Task with the most failures(4): 
-----
Task ID:
  task_1602569057109_12652_m_000000

URL:
  http://0.0.0.0:8088/taskdetails.jsp?jobid=job_1602569057109_12652&tipid=task_1602569057109_12652_m_000000
-----
Diagnostic Messages for this Task:
Error: java.lang.RuntimeException: java.lang.NoClassDefFoundError: org/apache/commons/httpclient/Credentials
    at org.apache.hadoop.hive.ql.exec.mr.ExecMapper.map(ExecMapper.java:169)
    at org.apache.hadoop.mapred.MapRunner.run(MapRunner.java:54)
    at org.apache.hadoop.mapred.MapTask.runOldMapper(MapTask.java:465)

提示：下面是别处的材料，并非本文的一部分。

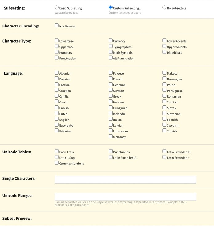 Creating subsets is easy; simply check the subsets you want to keep or write an exact character in the Single Characters field. For example, the copyright symbol is presented in the “Typographics” subset type, but if you only need ©, add it to the Single Characters field.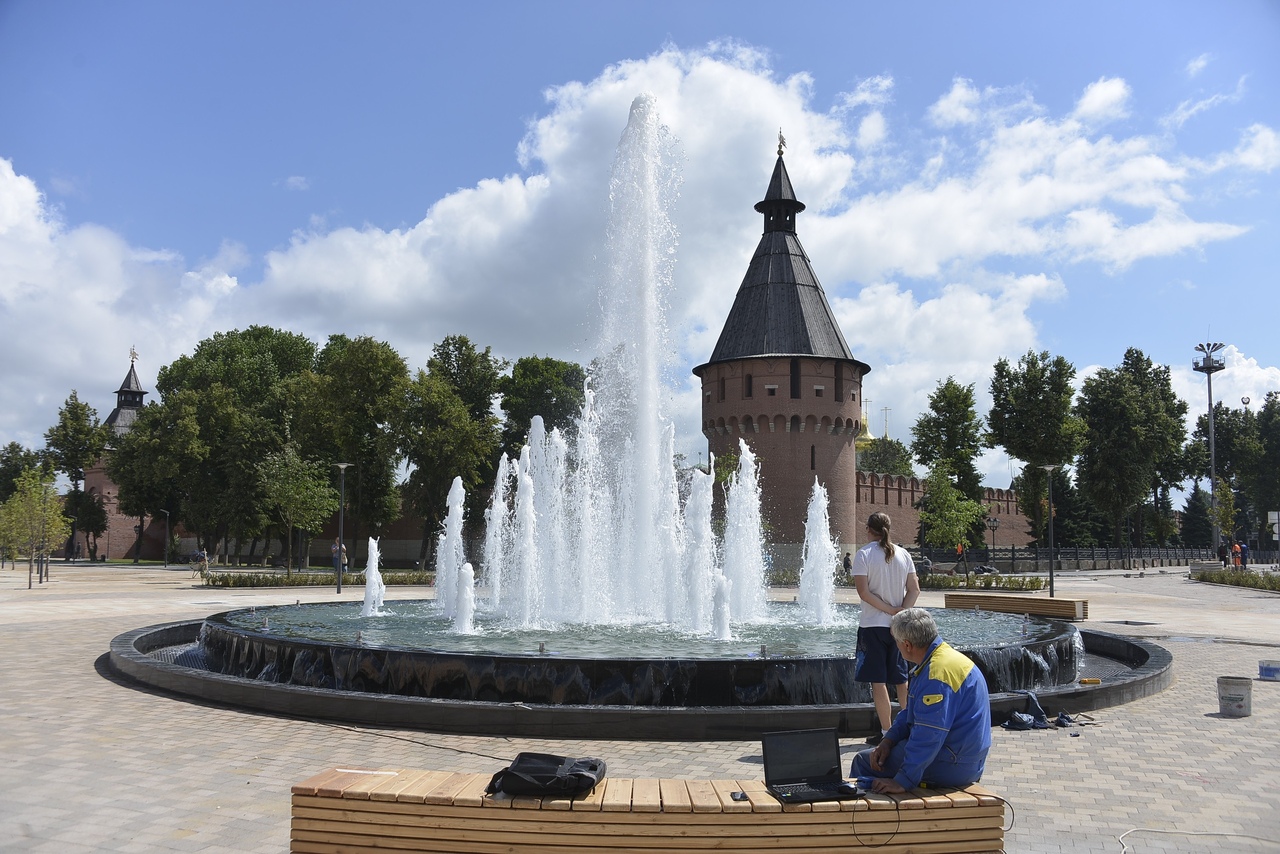 В рамках проекта «Тульская набережная» в центре Крестовоздвиженской площади установили фонтан. В настоящее время проводится его тестирование. Также завершаются работы по благоустройству. Вокруг фонтана выкладывают тротуарную плитку, устанавливают скамейки.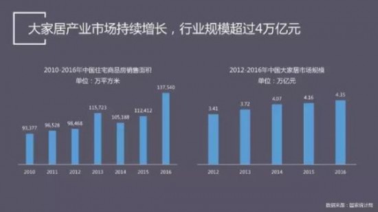 大家居產(chǎn)業(yè)是規(guī)模巨大的產(chǎn)業(yè),到2016年行業(yè)總產(chǎn)值已突破4萬億,行業(yè)穩(wěn)健的增長。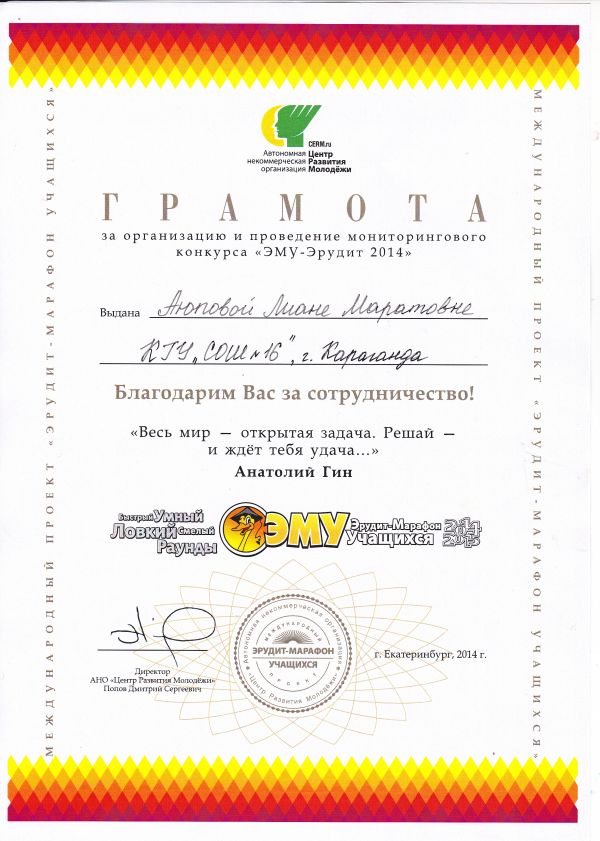 Халықаралық "Мен - зерттеушімін" байқауы шеңберінде бастауыш сынып оқушылары арасында өткен облыстық фестивальдағы үздік оқу-зерттеу жұмысы үшін № 16 ЖББ ОМ 4 сынып оқушысы Летников Дионис…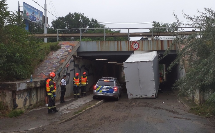 BRNO – Nákladní automobil se včera odpoledne zasekl pod mostem v brněnské Líšni. Hasičům ze dvou jednotek se jej podařilo vyprostit za zhruba hodinu.

    at org.apache.hadoop.mapred.MapTask.run(MapTask.java:349)
    at org.apache.hadoop.mapred.YarnChild$2.run(YarnChild.java:174)

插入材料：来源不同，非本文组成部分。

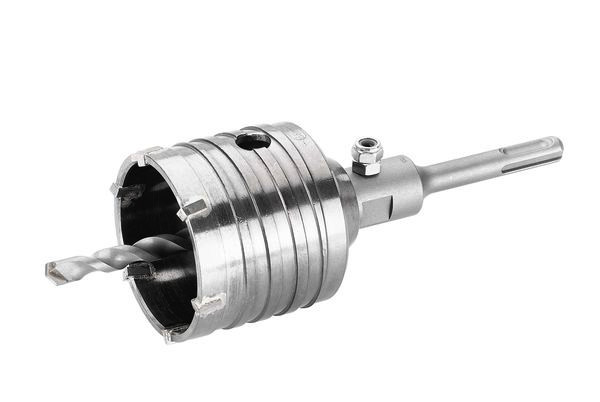 Schlag-Bohrkrone, die 6 mit Silber verlöteten, exakt geschliffenen Schneiden erreichen eine hohe Standzeit auch in harten Materialien. Der gehärtete Stahlkörper mit M 16 Innengewinde und dem optimierten Rundlauf ist bestens geeignet für Beton Stein, Mauerwerk, Klinker, Ziegel und Leichtbaustoffe. Aufnahmeschaft in 6-kant oder SDS-Plus-Variante. Verschleißarme Hartmetallzähne mit Schlitzlötung sorgen für max. Stabilität. Mit auswechselbarem Zentrierbohrer für leicht schlagenden Einsatz geeignet (materialabhängig), passgenaues Einbringen von Schalter- / Verteilerdosen möglich. Ausführung: Schlagbohrkrone mit SDS-Plus, mit einem Bohr-Ø von 68 mm.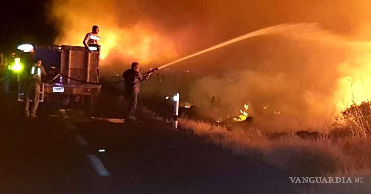 La noche del jueves 24 de marzo, cerca de las 20:30 horas se recibió el reporte de un incendio por la carretera federal 30 que conecta al Pueblo Mágico de Cuatro Ciénegas con el municipio de San Pedro, en un predio colindante con la Poza Azul.

    at java.security.AccessController.doPrivileged(Native Method)
    at javax.security.auth.Subject.doAs(Subject.java:422)
    at org.apache.hadoop.security.UserGroupInformation.doAs(UserGroupInformation.java:1726)
    at org.apache.hadoop.mapred.YarnChild.main(YarnChild.java:168)
Caused by: java.lang.NoClassDefFoundError: org/apache/commons/httpclient/Credentials
    at org.elasticsearch.hadoop.rest.commonshttp.CommonsHttpTransportFactory.create(CommonsHttpTransportFactory.java:40)
    at org.elasticsearch.hadoop.rest.NetworkClient.selectNextNode(NetworkClient.java:99)
    at org.elasticsearch.hadoop.rest.NetworkClient.<init>(NetworkClient.java:82)
    at org.elasticsearch.hadoop.rest.NetworkClient.<init>(NetworkClient.java:58)
    at org.elasticsearch.hadoop.rest.RestClient.<init>(RestClient.java:101)
    at org.elasticsearch.hadoop.rest.RestService.createWriter(RestService.java:620)
    at org.elasticsearch.hadoop.mr.EsOutputFormat$EsRecordWriter.init(EsOutputFormat.java:175)
    at org.elasticsearch.hadoop.hive.EsHiveOutputFormat$EsHiveRecordWriter.write(EsHiveOutputFormat.java:59)
    at org.apache.hadoop.hive.ql.exec.FileSinkOperator.process(FileSinkOperator.java:759)
    at org.apache.hadoop.hive.ql.exec.Operator.forward(Operator.java:879)
    at org.apache.hadoop.hive.ql.exec.SelectOperator.process(SelectOperator.java:95)
    at org.apache.hadoop.hive.ql.exec.Operator.forward(Operator.java:879)
    at org.apache.hadoop.hive.ql.exec.TableScanOperator.process(TableScanOperator.java:130)
    at org.apache.hadoop.hive.ql.exec.MapOperator$MapOpCtx.forward(MapOperator.java:147)
    at org.apache.hadoop.hive.ql.exec.MapOperator.process(MapOperator.java:487)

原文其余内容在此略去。